Chinese Routing Errors Redirect Russian Traffic - striking
http://research.dyn.com/2014/11/chinese-routing-errors-redirect-russian-traffic/
======
lazaroclapp
Thing is, the network layer of the internet was never intended to be secure.
Routing data through unknown hosts controlled by untrusted public
organizations, private enterprises and foreign countries, when it makes sense
on the technical/business level, is what internet routing protocols are
designed to do. Sure, here we are talking about BGP using a less-than-ideal
route, but the same effect (traffic going from Russia into China then back
into Russia) could very well happen from the intended behavior of the
protocols. The network layer is explicitly assumed/designed to be unreliable,
insecure and hard to centrally control (for TCP/IP, this is not true of some
cell-based/virtual-circuit networking layers). This is why security should be
built at the end points (namely encryption and authentication) and not assumed
from the network layer.

p.s. A very simple way to make Russian internet more secure against foreign
powers would be to have a highly competent government-operated certificate
authority which would issue EV TLS certificates for free to Russian businesses
and individuals.
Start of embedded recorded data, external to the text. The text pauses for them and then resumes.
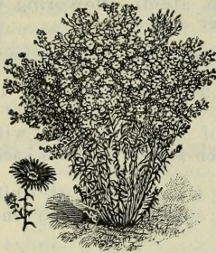
ASTER NOVÆA ANGLIÆ.

Tradescanti —Similar to A. multiflorus . 15 cents each, $1.25 per dozen.
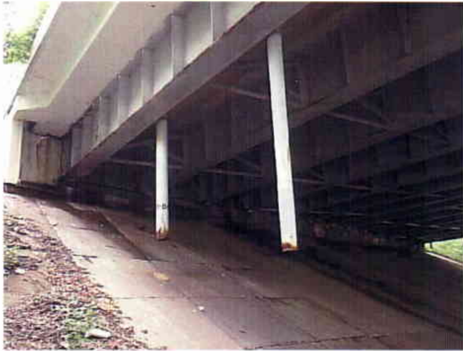
Photograph 27 View Looking South at the Underside of the East and West Bound Lanes of the Interstate 90 Innerbelt Bridge over the Cuyahoga River (CUY-90-15.24)
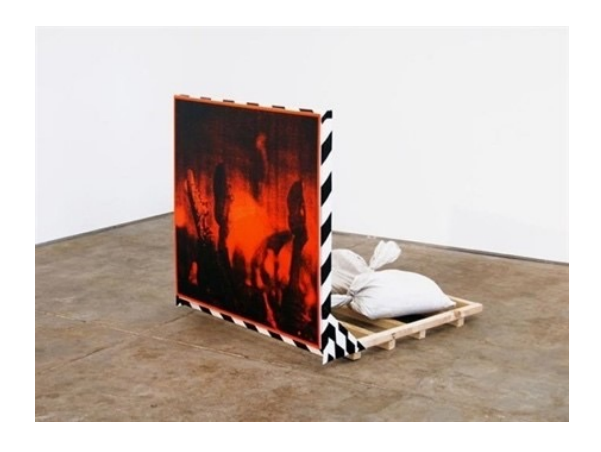
On Floor: FA/TA/HA -, 2011/2021 Digital print on Plasticore, sandbags, wood

Cyrus's interest in the revolutionary synergy of music and socio-political movements is further articulated in this 2011 installation, which has been remade for this exhibition. FA/TA/HA- also expands the artist's ongoing exploration of cultural interchanges that connect the United States to Egypt—in this case, drawing parallels between the Black Panther Party, Black Lives Matter marches, and the 2011 Day of Revolt in Cairo. Beginning in December 2010, unprecedented mass demonstrations against poverty. corruption, and political repression broke out in several Arab countries, challenging the authority of some of the most entrenched regimes in the Middle East and North Africa. Such was the case in Egypt, where in 2011 a popular uprising forced one of the region's longest serving and most influential leaders, President Hosnī Mubārak, from power. Cyrus invokes the uprising by covering a provisional barricade with an image of demonstrators marching in Tahir Square, raising their shoes in the air as if they were fists, thus suggesting both protection and provocation. The work's title, the combination of three Arabic letters, is reminiscent of a musical scale. Written in all capital letters as if shouting, it aptly translates to "for something to be opened."
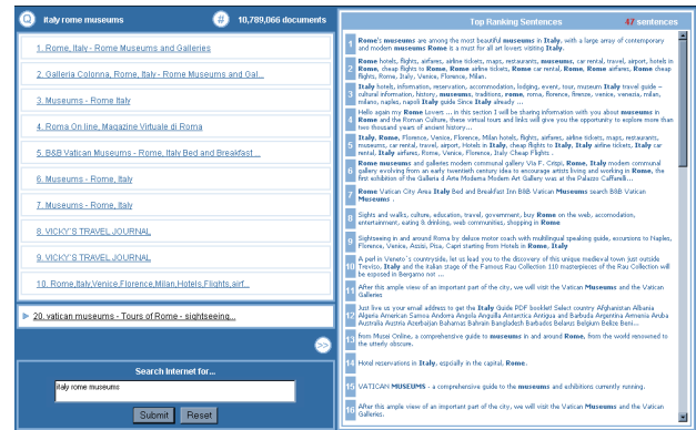
Figure 4: Top ranking sentences interface (Systems 2/3)

result list, Figure 3. Passing the mouse over this title will show a summary of the document.
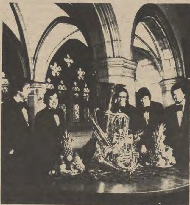
Musical virtuosity, polished showmanship and programs showcasing a treasury of music from Renaissance to contemporary composed for two trumpets, French horn, trombone and the tuba will feature the Eastern Brass Quintet.

Tickets for the performance can be picked up at the ticket office on the second floor of Rosenwald. Students must show their identification card, but pay no fee.
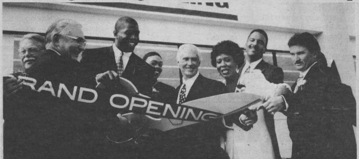
Former Laker great Earvin "Magic" Johnson returned to West Las Vegas to deliver on a promise made 3 years ago to partnership with Vons Grocery chain and build a supermarket and plaza.
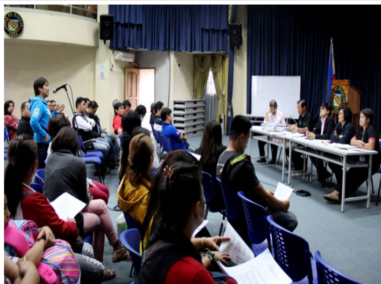
"NIGHT MARKET CONCERNS" – City Mayor Mauricio Domogan and members of the Baguio City Market Authority (BCMA) meets with night market vendors to address issues and concerns for a better and orderly night market especially during the influx of tourists.
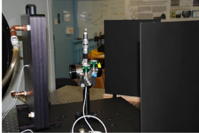
Figure 1: Laboratory test setup. On the left, the temperature-controlled aluminum plate is seen with tubes for ethylene glycol circulation and thermocouple wiring in the back. In the center, the stainless steel gas cell contains the gas sample. Ports allow for purging and filling the cell; a thermocouple measures the temperature inside. On the right, painted aluminum plates allow to hide the gas cell from the sensor.

ideal black body. The plate might be either heated or cooled using ethylene glycol circulation, providing positive or negative thermal contrast with respect to the gas sample. An infrared thermometer will be used to monitor the surface temperature of the plate independently from its control set point.

Then pass two laws, one requiring web browsers sold or
distributed in Russia to only allow that certificate authority for .ru
domains, and a second one requiring web sites to get those certificates
(either for all websites or only those considered 'sensitive'). This doesn't
solve the issue of foreign-owned and foreign-located cloud services, and is
honestly a worse solution than working at an international level to create a
better standard for authentication and data protection than host certificates
and certificate authorities. But, from the point of view of a single country's
government with (let's face it, reasonable) paranoia about foreign spying on
their internal internet communications, this would be about the best 'counter-
measure' that I can see being realistically applied.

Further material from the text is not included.